**What is needed**
Among the entries below, only the lines from the one with "- Gewerbeinvestments mit" through the one with "Карта памяти microSDHC" are to be retyped, exactly and without pictures.

**Data for the task**
Start of Block

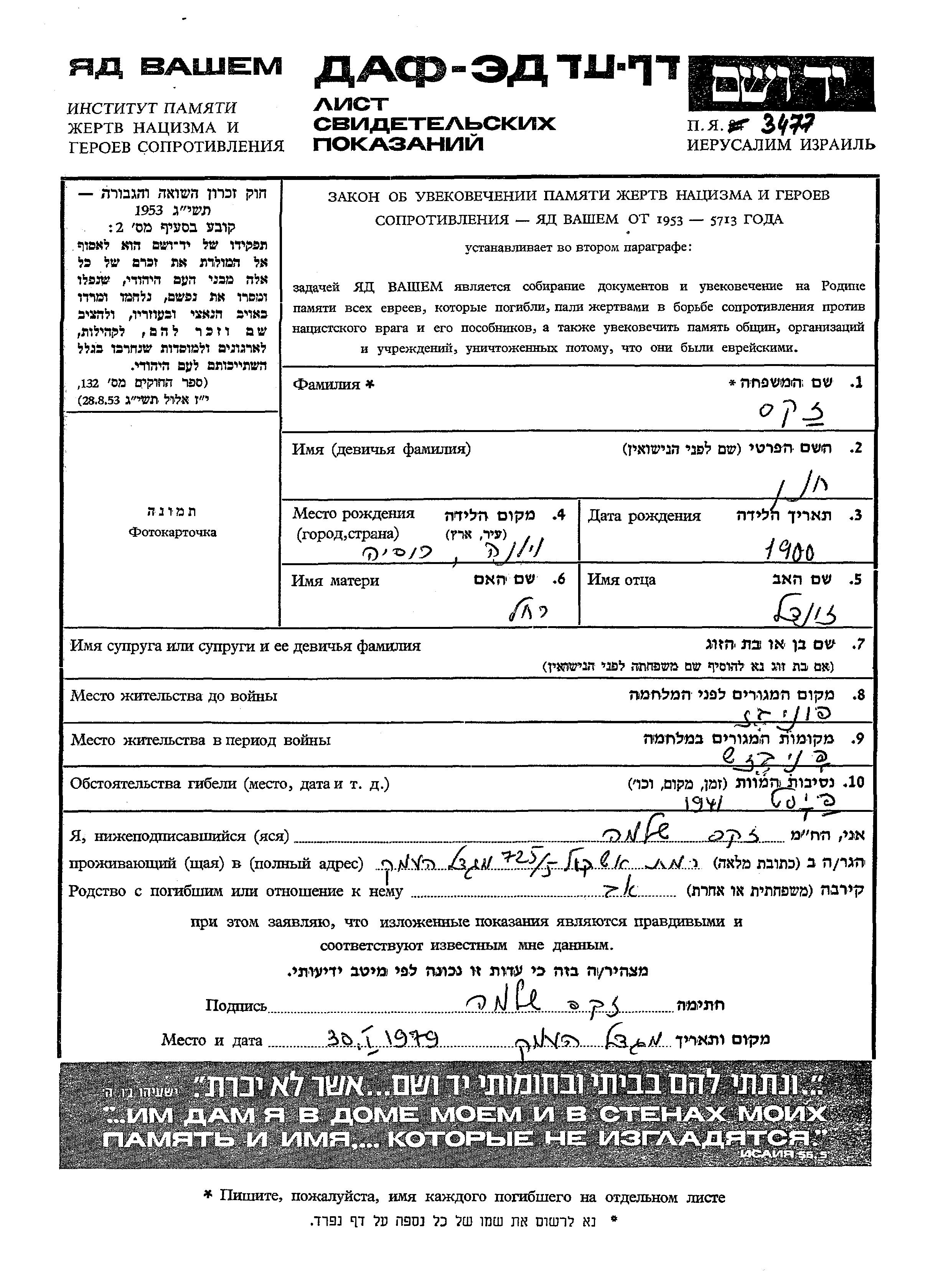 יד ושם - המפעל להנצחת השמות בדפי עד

End of Block
Start of Block

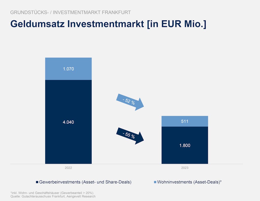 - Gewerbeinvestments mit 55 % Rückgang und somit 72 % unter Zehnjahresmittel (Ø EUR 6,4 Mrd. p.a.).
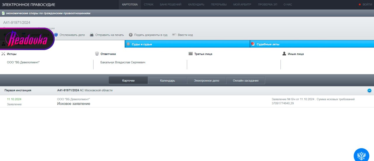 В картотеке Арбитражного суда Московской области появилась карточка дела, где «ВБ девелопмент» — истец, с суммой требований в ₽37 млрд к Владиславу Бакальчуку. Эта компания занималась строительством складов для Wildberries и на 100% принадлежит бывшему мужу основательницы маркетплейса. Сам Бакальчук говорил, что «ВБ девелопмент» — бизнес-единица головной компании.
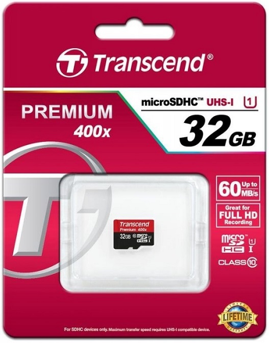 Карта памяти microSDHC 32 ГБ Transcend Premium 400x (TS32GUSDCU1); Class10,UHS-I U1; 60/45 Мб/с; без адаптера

End of Block

**Solution for this problem**
 - Gewerbeinvestments mit 55 % Rückgang und somit 72 % unter Zehnjahresmittel (Ø EUR 6,4 Mrd. p.a.).
 В картотеке Арбитражного суда Московской области появилась карточка дела, где «ВБ девелопмент» — истец, с суммой требований в ₽37 млрд к Владиславу Бакальчуку. Эта компания занималась строительством складов для Wildberries и на 100% принадлежит бывшему мужу основательницы маркетплейса. Сам Бакальчук говорил, что «ВБ девелопмент» — бизнес-единица головной компании.
 Карта памяти microSDHC 32 ГБ Transcend Premium 400x (TS32GUSDCU1); Class10,UHS-I U1; 60/45 Мб/с; без адаптера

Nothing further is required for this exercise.